The war’s a lie (he said). I got my badge. (He drew it out by his fingertips as if it were dirty. City finds that he’s a dead man, thought Ori.) Months on them ships, we went through the Firewater Straits, on till landfall, and we thought we’d have to fight on the seas, we was trained to, sailor-soldiers, ‘acause them Tesh ships were out for us, we saw them and their weapons in flocks circling but they ain’t seen us, and it ain’t all city-loyal, the militia, not now, us from Dog Fenn on that ship were there because there ain’t no other jobs to do. Let loose and told to go liberate them Tesh villages.

They don’t want us. I seen things… What they done to us. What we done back. (There was a restive stirring somewhere in the streets and a brief incoming of Caucus scouts handslanging frantically to the Proscribed man and he whispered to the speaker. Ori got ready to run. The militia renegade gabbled in anger.) It ain’t no war for liberty, nor for the Teshi, they hate us and we, we fucking hated them I tell you, and it was a, it’s carnage there, just plain murder, they sending their children out stuffed full of hex to make us melt, I had my men melt on me, and I done things… You don’t know what it is, in Tesh. They ain’t like us. Jabber, I done things to people… (The Proscribed man hurried him, pulled him to the shed’s edge.)

So screw the militia and screw their war. I ain’t no friends to the damn Teshi after what they done but I don’t hate them half so much as I hate them. (He pointed at the basalt column-palace of Parliament, prodding the sky with tubes and tuskish jags, profane and arrogant.) Anyone needs dying it ain’t some damn Tesh peasant, it’s them, in there, who got us here. Who’ll take them out? (He cocked his thumb, shot his finger several times toward the Parliament-a Remaking offence.) Screw their war.

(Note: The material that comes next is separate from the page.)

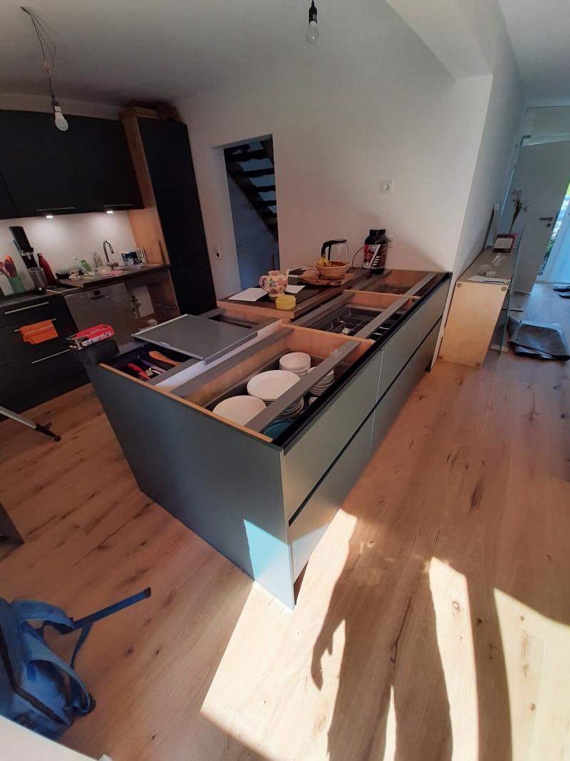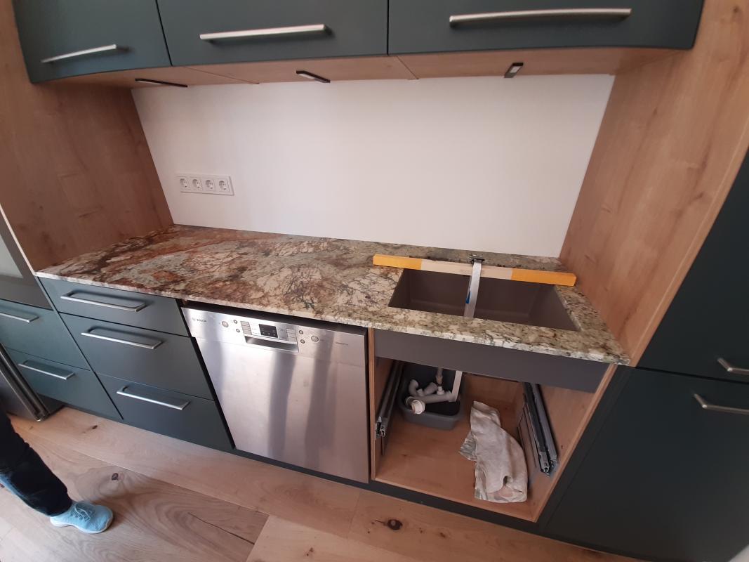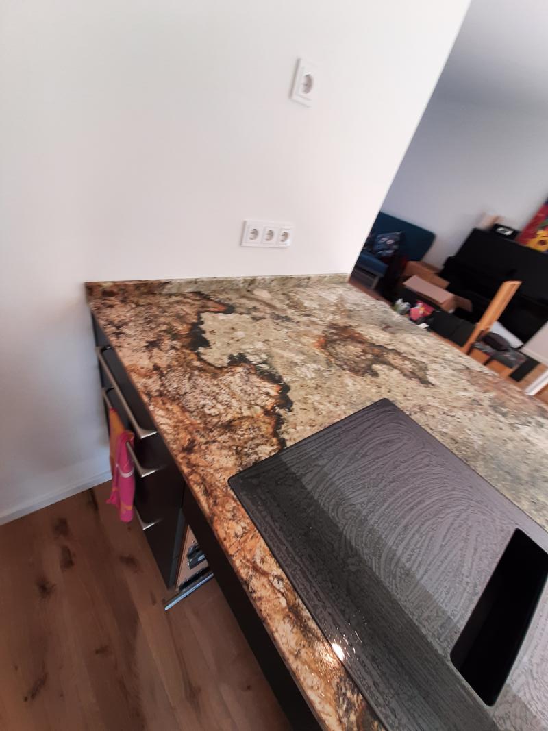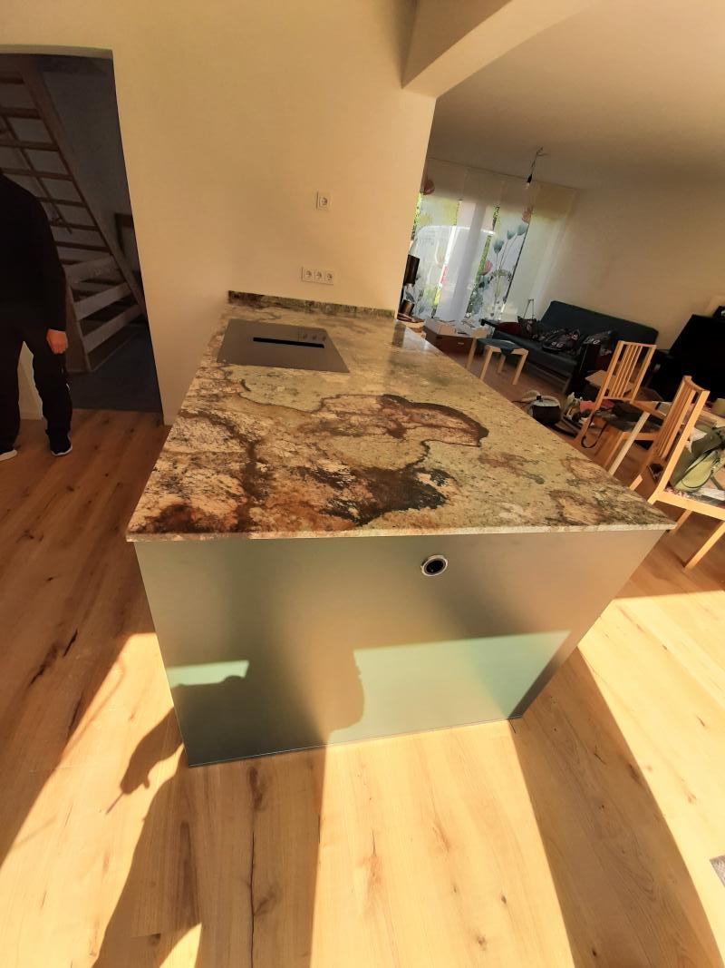 Die Granitplatten sowie der Sockel wurden fachmännisch montiert. Die Kombination aus hochwertigem Material, präziser Verarbeitung und professioneller Montage schafft eine langlebige und stilvolle Basis für den Küchenbereich.
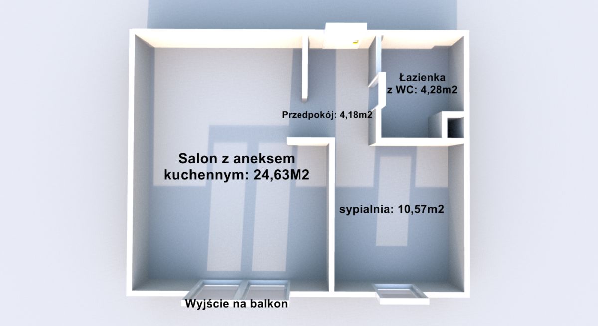 Mieszkanie składa się z dużego salonu z aneksem kuchennym, sypialni, łazienki z WC oraz przedpokoju. Dodatkowo, z salonu jest wyjście na balkon, na którym można relaksować się na świeżym powietrzu.

And at that someone from Runagate Rampant barked, “Yeah, so fight to lose, fight for defeat,” and there was angry calling from those who saw stupidity in this. They yelled at the Runagaters that they supported Tesh, that they were agents of the Crawling Liquid, but before there were fists between the factions, the whistles of the guards went, and the crowd began to scatter. Ori wrote fast on a tear of paper.

Militia were coming. People were prepared, and they ran. Ori ran too, but not for the doors or the broken fence. He went straight for the speaker.

Pushed past the bickering Caucus members who surrounded him. Some recognised Ori, stared at him with greeting or query stillborn as he went past them to the raging soldier-Jack. Ori put

his name and his address into the speaker’s pocket, and whispered.

“Who’ll take them out?” he said. “We will. These lot won’t. Come find me.”

And then there was the burring of propellers and an airship protruded over them. Ropes spilled down and dribbled armoured militia. There were the sounds of dogs. The gates of the Paradox Warehouse were too full of people, and there was a panic. “Men-o’-war!” someone shouted, and yes there slowly rising to swell over the walls were the grotesque gland-bodies contoured with extrusions and organic holes, ridden by militia manipulating the exposed nerves of the giant filament-dangling things, flying them sedately toward the crews of Caucusists, the toxin in their tendrils dripping. Ori ran.

There would be other militia squads on the street: shunnriders, plainclothes infiltrators. Ori had to take care. He itched at the sense that some sharpshooter might target him from the airship. But he knew the ways through these streets. Most of the audience had already disappeared in New Crobuzon’s brick tangles, careering past startled shop holders and corner-hanging vagrants to stop suddenly and walk like everyone else was walking, a few streets on. Later, a mile away on the other side of the river, Ori heard that no one had been captured or killed, and was savagely delighted.